The following two combinatorial identities are taken from a textbook. \begin{align} &\large \sum_{0\ \le \ x \ \le \ n} \normalsize \binom{a}{x} \binom{b}{n-x} = \binom{a+b}{n} \tag{10} \\ &\large \sum_{0 \ \le \ x \ \le \ a} \normalsize \binom{a}{x} \binom{b}{n+x} = \binom{a+b}{a+n}\tag{11} \\ \end{align}

What proof strategy would you suggest to prove identity $(11)$, algebraically? We may assume Vandermonde's Identity $(10)$; it may be useful in a proof of identity $(11)$.

There appear to be many similarities between the two identities. How might we make use of that?

• Does it have to be an "algebraic" proof? I find a more useful strategy is sometimes to interpret everything combinatorially.
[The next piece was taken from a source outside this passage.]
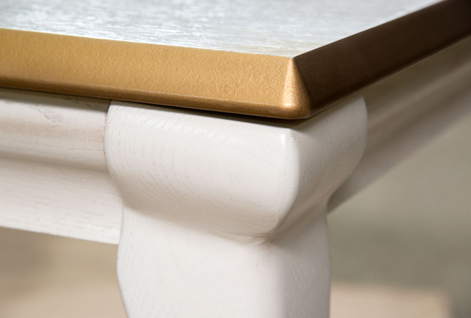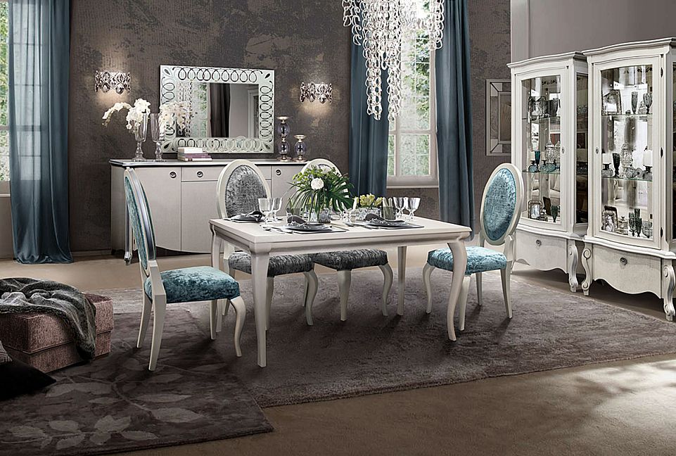 Обеденный стол «Луиза» входит в неподражаемую коллекцию Luiza. Благодаря массивной столешнице и изящным ногам такой стол станет не только функциональным предметом интерьера, но и украшением Вашей гостиной или столовой. За ним будет приятно собирать друзей на вечеринку или проводить уютные семейные вечера. Стол комфортно вмещает от 4 до 6 человек, он выполнен из массива дуба, тонированного в теплый коньячный оттенок, белую эмаль с серебряной патиной и серебряный кракелюр.

For instance, the first identity's right side might make me think of counting how many ways to choose $n$ people from a collection of $a$ males and $b$ females. – alex.jordan Jan 5 '14 at 4:13

Identity (11), just like (10), is obvious on combinatorial grounds, but you asked for an algebraic proof. Let $y=a-x$.$$\binom{a+b}{a+n}=\sum_{x=0}^\infty\binom ax\binom b{a+n-x}=\sum_{x=0}^\infty\binom a{a-x}\binom b{a-x+n}=\sum_{y=0}^\infty\binom ay\binom b{y+n}=\sum_{x=0}^\infty\binom ax\binom b{x+n}$$
You can try a change of variable: replace $x$ in (11) with $a-x.$ The summation and the first binomial coefficient are unchanged by this replacement. The second binomial coefficient then starts to look like the second binomial coefficient in (10), except that you have $n+a$ instead of $n.$ To match the form of (10), the summation would need to run up to $n+a$ rather than $a.$ In fact, it's OK to make this change in the summation. (Why?)
$$(1+x)^a (1+x)^b = (1+x)^{a+b}.$$ What is the coefficient of $x^n$ on the LHS? RHS?
Second one $$(1+1/x)^a(1+x)^b = (1+x)^a (1+x)^b/x^a.$$ What is the coefficient of $x^n$ on the LHS? RHS?
You just replace $n$ by $b-n$ in the first identity.